Exercise data:
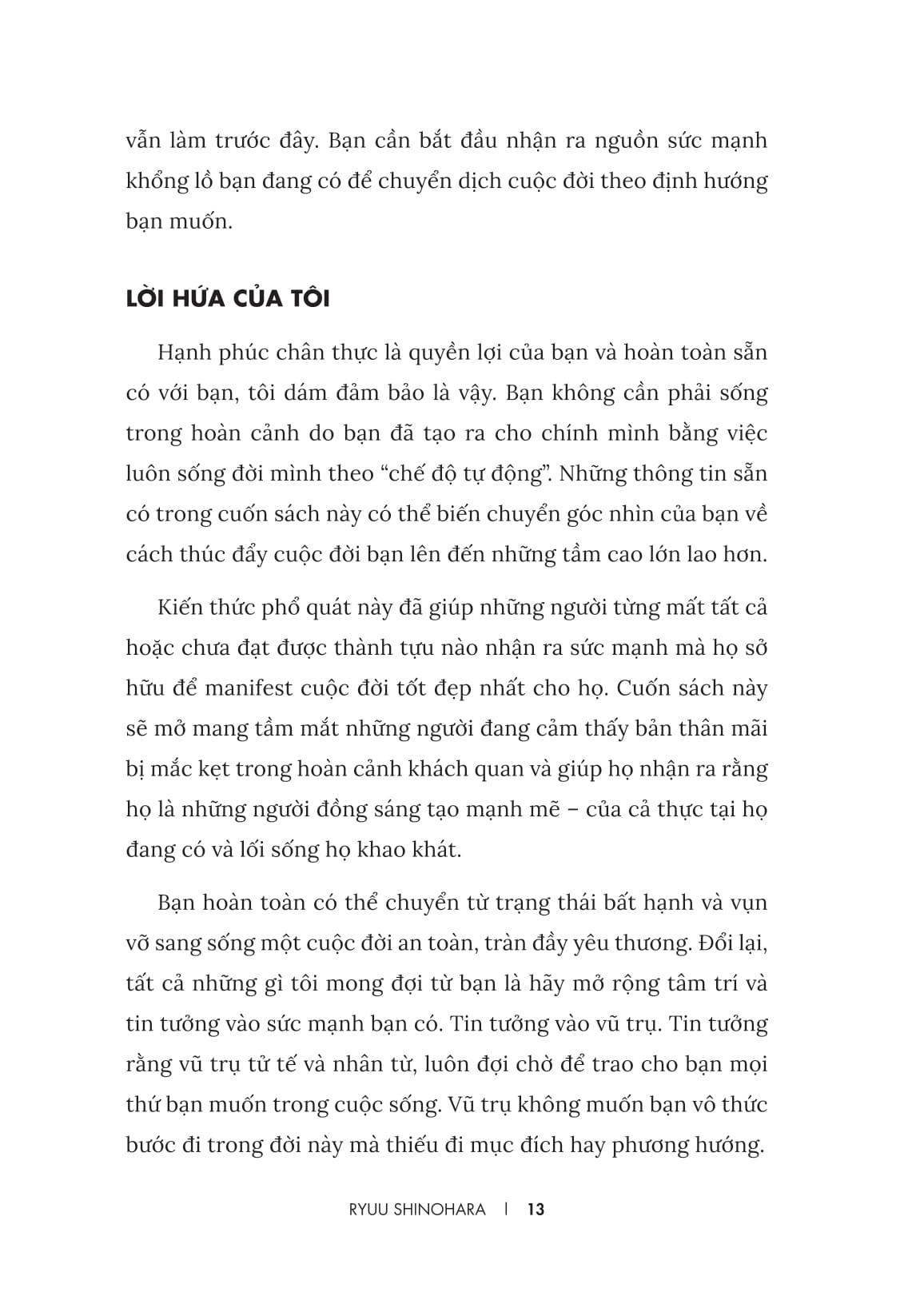 - Thói quen đơn giản hằng ngày giúp tái lập trình niềm tin và đẩy nhanh kết quả. Nghệ thuật manifest toàn diện sẽ mang đến một lộ trình rõ ràng để bạn thay đổi tư duy, sức mạnh tiềm thức và nâng cao tần số rung động của bản thân trong mọi khía cạnh cuộc sống từ đó thay đổi thực tại của chính m.ình.
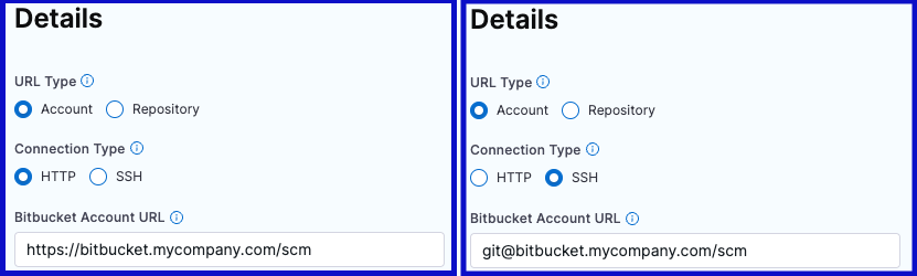 Select the protocol, HTTP or SSH, to use for cloning and authentication. The Connection Type determines the URL format required for the Bitbucket Account/Repository URL field. It also determines the Authentication method you must use in the Credentials settings.
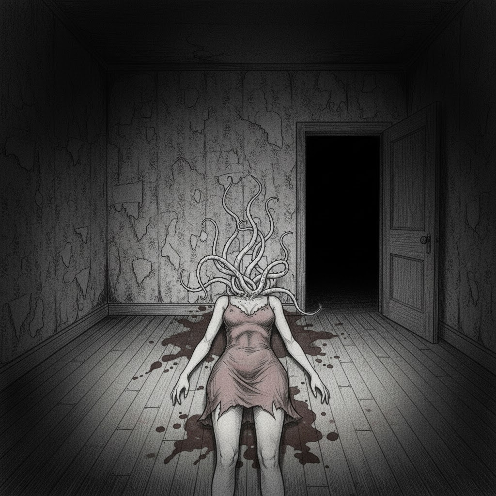 Монстр в красном платье все ближе. Брайан стреляет в нее из MP5, но пули просто исчезают в теле. Он бросает в нее оружие, но промахивается. Щупальце вонзается в стену рядом с его головой. В центре существа раскрывается пасть, готовая поглотить его. И тогда его осеняет безумная идея. Он поворачивается к двери и криком провоцирует зомби. Они еще яростнее бьются в дверь. Брайан достает пистолет. В нем один патрон. Он целится не в монстра, а в швабру, запирающую дверь.

Task directions: Transcribe the data exactly, minus any images.

Output of the exercise:
 - Thói quen đơn giản hằng ngày giúp tái lập trình niềm tin và đẩy nhanh kết quả. Nghệ thuật manifest toàn diện sẽ mang đến một lộ trình rõ ràng để bạn thay đổi tư duy, sức mạnh tiềm thức và nâng cao tần số rung động của bản thân trong mọi khía cạnh cuộc sống từ đó thay đổi thực tại của chính m.ình.
 Select the protocol, HTTP or SSH, to use for cloning and authentication. The Connection Type determines the URL format required for the Bitbucket Account/Repository URL field. It also determines the Authentication method you must use in the Credentials settings.
 Монстр в красном платье все ближе. Брайан стреляет в нее из MP5, но пули просто исчезают в теле. Он бросает в нее оружие, но промахивается. Щупальце вонзается в стену рядом с его головой. В центре существа раскрывается пасть, готовая поглотить его. И тогда его осеняет безумная идея. Он поворачивается к двери и криком провоцирует зомби. Они еще яростнее бьются в дверь. Брайан достает пистолет. В нем один патрон. Он целится не в монстра, а в швабру, запирающую дверь.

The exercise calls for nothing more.